- Created by: Peter F. Gontha
- Developed by: RCTI News
- Directed by: Arief Suditomo
- Presented by: Various
- Theme music composer: Andi Rianto (2012–2017) Bhaskara (1989–2012) Luluk Purwanto (1989–2003)
- Country of origin: Indonesia
- Original language: Indonesian

Production
- Executive producers: Ahmad Setiono, Atika Suri, Avida Virya, Deden Kuswondo, Aiman Witjaksono, Catharina Davy
- Production location: Jakarta
- Running time: 30 minutes (lunchtime, evening and late-night editions) 90 minutes (morning edition)

Original release
- Network: RCTI (1990–2017) SCTV (1990–1996)
- Release: 15 November 1990 – 31 October 2017

Related
- Seputar Jakarta (November 1989 – 1990); Seputar iNews;

= Seputar Indonesia =

Indonesian television news program (1990–2017)

Seputar Indonesia (translated as Around Indonesia) was Indonesia's longest-running flagship newscast carried by a private television network. It debuted for the first time on the newly inaugurated RCTI on 15 November 1989 as the local news program Seputar Jakarta (Around Jakarta), as well as the network's first newscast before it evolved to go nationwide on 15 November 1990. Since the end of 2005, the program has regained its position as the most-watched newscast in the country, according to ratings by Nielsen Media Research. During its early years, Seputar Indonesia was also carried by RCTI's then sister network SCTV.

On 9 February 2009, Seputar Indonesia was revamped and was the only news program on RCTI, under an initiative called Satu Seputar Indonesia (One Around Indonesia). The morning news program, Nuansa Pagi was renamed Seputar Indonesia Pagi. The lunchtime news program, Buletin Siang renamed Seputar Indonesia Siang. The late-night news program, Buletin Malam was renamed Seputar Indonesia Malam. The main evening edition retained the Seputar Indonesia name due to the historical context.

On 1 November 2017, along with rebranding that includes the iNews brand for MNCTV and GTV newscasts, it was replaced by Seputar iNews.

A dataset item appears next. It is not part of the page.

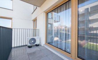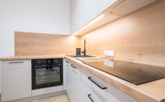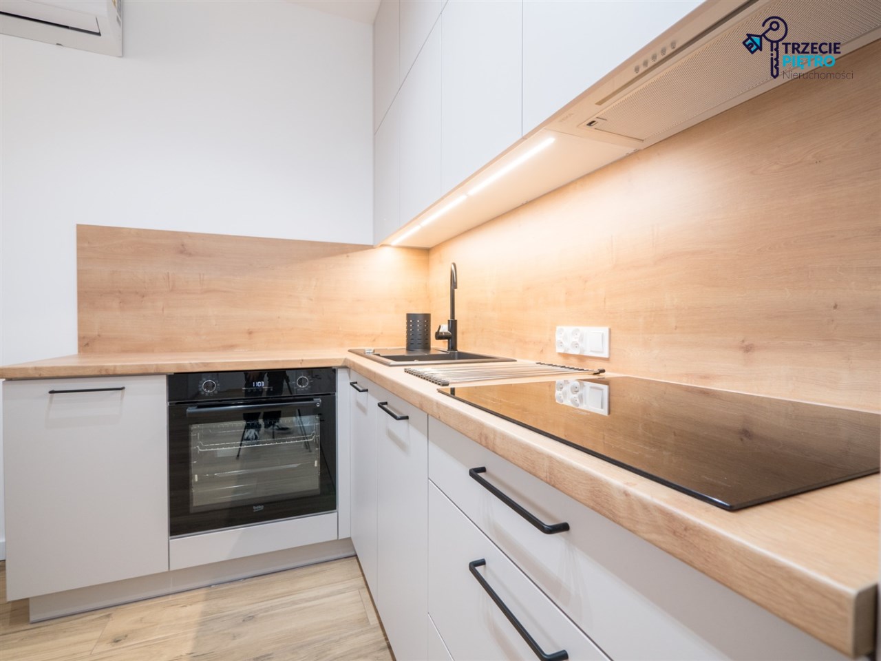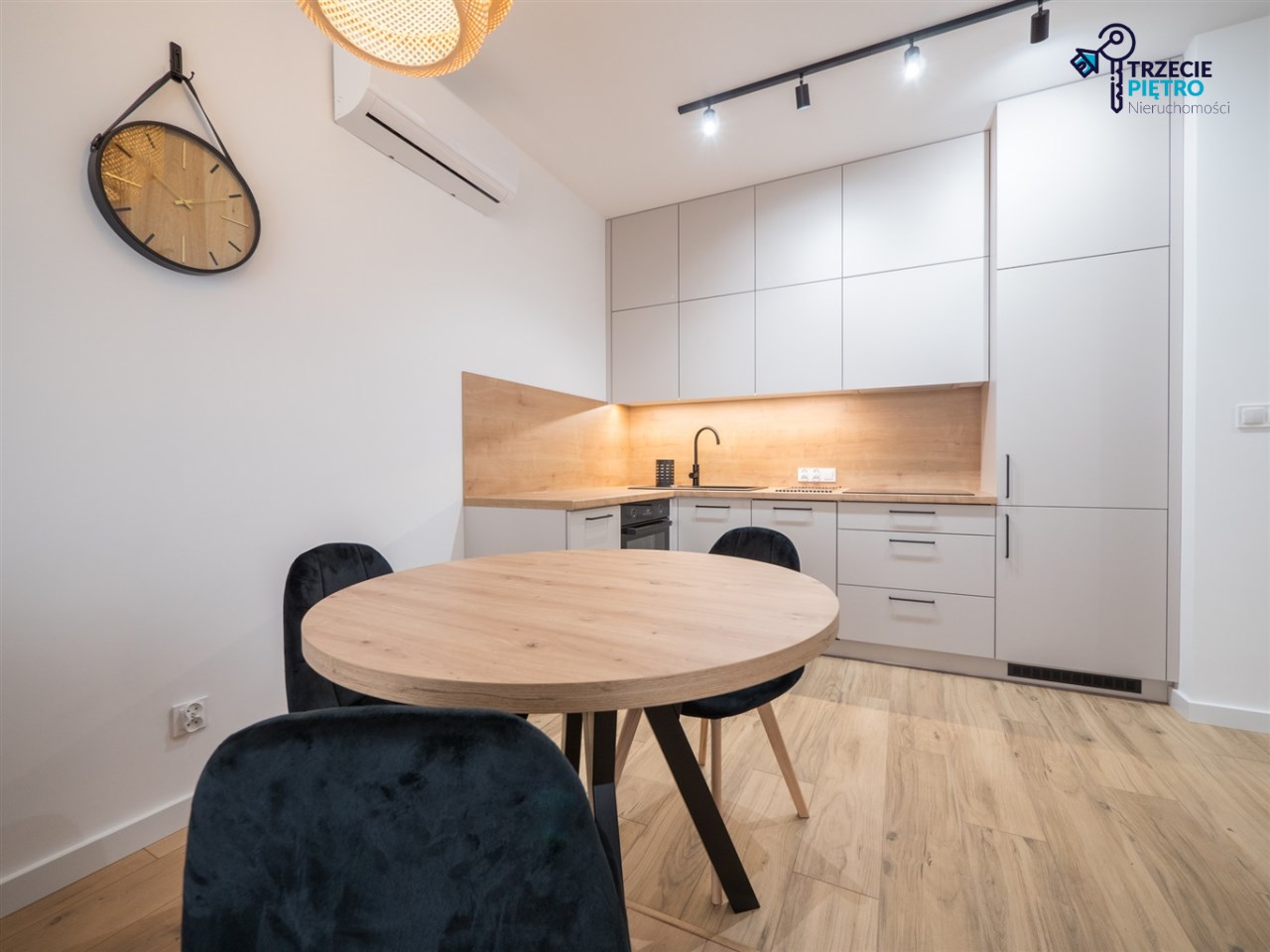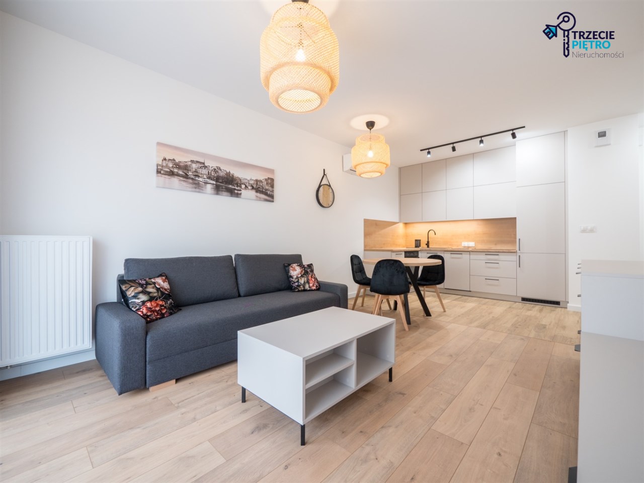Salon wyposażony w nowoczesną sofę, stół + trzy krzesła, półkę RTV oraz klimatyzację. Sypialnia wyposażona w łóżko małżeńskie z materacem, szafę w zabudowie oraz biurko. Aneks kuchenny w zabudowie wyposażony we wszystkie niezbędne sprzęty AGD (lodówka, zmywarka, piekarnik, zlew, płyta).

Historically, it was also broadcast by SCTV before the network produced its news program, Liputan 6 respectively.

==Logo history==

On 15 November 1989, the Seputar Indonesia logo used only the phrase 'SEPUTAR JAKARTA' which was formerly the logo used on 15 November 1989 until 14 November 1990.

On 15 November 1990, the Seputar Indonesia logo used only the phrase 'SEPUTAR INDONESIA' which was renamed and used from what was formerly named Seputar Jakarta by the logo was used on 15 November 1990 until May 19, 1996.

On May 20, 1996, the Seputar Indonesia logo is closed by a circular red ring with the word seputar INDONESIA (the word seputar at the top with the word INDONESIA at the bottom) by the logo was used on May 20, 1996 until 25 August 2002.

On 24 August 2002, Seputar Indonesia replaced the logo with a blue ball closed rings (in a similar shape to Saturn) was used until 24 August 2006.

On 25 August 2006, the logo changed again into a ball bearing the front of RCTI by the logo continued to be used until 9 February 2009.

On 9 February 2009, Seputar Indonesia relaunched the logo and was used until 31 October 2017. The logo is almost similar to the Firefox logo.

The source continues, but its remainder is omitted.